Неустанно внимателен и, можно сказать, нетерпим ко всякого рода актерствованию и амбициозной фальши Ф.М. Достоевский. Участники тайного заседания в «Бесах» подозревали друг друга, и «один перед другим принимали разные осанки». Петр Верховенский, идя на встречу с Шаговым, «постарался переделать свой недовольный вид в ласковую физиономию». А позже советует: «Сочините-ка вашу физиономию, Ставрогин: я всегда сочиняю, когда к ним (членам революционного кружка.— СМ.) вхожу. Побольше мрачности, и только, больше ничего не надо: очень нехитрая вещь». Весьма настойчиво выявляет Достоев­ский также жесты и интонации людей болезненно самолюбивых и неуверенных в себе, тщетно пытающихся сыграть какую-то импозан­тную роль. Так, Лебядкин, знакомясь с Варварой Петровной Ставро-гиной, «остановился, тупо глядя перед собой, но, однако, повернулся и сел на указанное место, у самых дверей. Сильная в себе неуверен­ность, а вместе с тем наглость и какая-то беспрерывная раздражитель­ность сказывалась в выражении его физиономии. Он трусил ужасно <...> видимо боялся за каждое движение своего неуклюжего тела <...> Капитан замер на стуле с своею шляпой и перчатками в руках и не сводя бессмысленного взгляда своего со строгого лица Варвары Пет­ровны. Ему, может быть, и хотелось бы внимательно осмотреться, но он пока еще не решался». В подобных эпизодах Достоевский художе­ственно постигает ту закономерность человеческой психики, которую много позже охарактеризовал М.М. Бахтин: «Человек <...> болезненно дорожащий производимым им внешним впечатлением, но не уверен­ный в нем, самолюбивый, теряет правильную <...> установку по отношению к своему телу, становится неповоротливым, не знает, куда деть руки, ноги; это происходит потому, что <...> контекст его само­сознания путается контекстом сознания о нем другого...»1.

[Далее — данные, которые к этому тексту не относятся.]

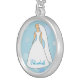 Bride in Gown Blue Polka Dot Personalized Necklace
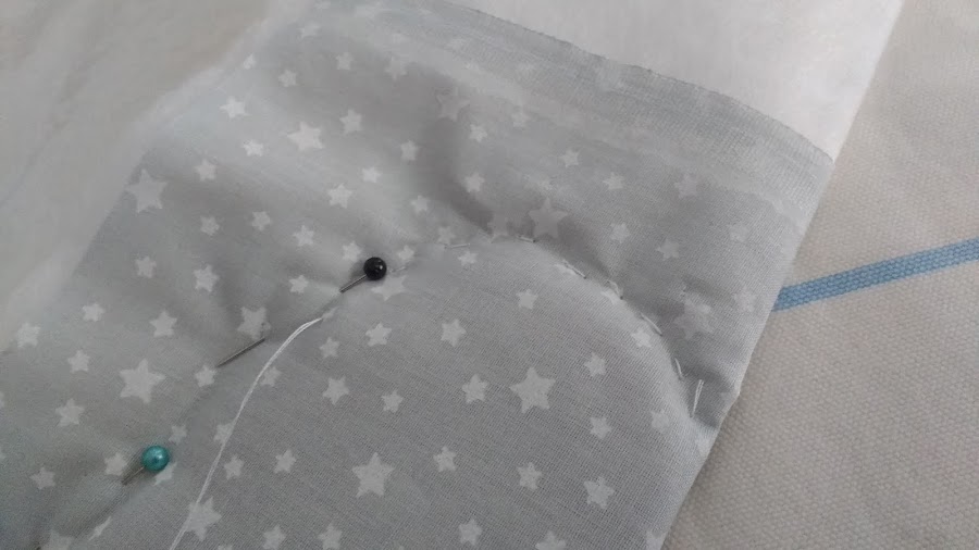 Podemos hilvanar para que no se nos muevan las telas y después cortaremos la tela.

Движения, позы и жесты, высказывания (и их интонации) высту­пают в реалистической литературе как индивидуальная характеристика персонажа. Достаточно вспомнить, к примеру, осторожного, вкрадчи­вого, боязливого Беликова у Чехова или противоположных ему по «стилю поведения» героев Достоевского — Настасью Филипповну и Ипполита, не умеющих и не желающих сдерживать свои импульсы.

В обрисовке поведения персонажей других писателей-реалистов нередко на первый план выступают игровые начала. Так, в «Беспри­даннице» А.Н. Островского противопоставлены друг другу проникно­венный артистизм искренней и доверчивой Ларисы и жестокие «игры» Паратова (злые шутки и издевательства над Карандншевым). Шутов­ство Федора Павловича Карамазова у Достоевского стало «второй природой» этого персонажа и обрисовано как следствие непрерывного самообмана грубого эгоиста. Герои, неспособные к шутке и веселью, предстают как отчужденные от «живой жизни»: угрюмство Сальери в сцене со слепым скрипачом; осмотрительные дамы и «несколько девиц, неулыбающихся лиц» в «Евгении Онегине»; «маскообразное», непод­вижное лицо Ставрогина в «Бесах»; неизменно серьезный и внутренне холодный облик чеховской Лидии Волчаниновой.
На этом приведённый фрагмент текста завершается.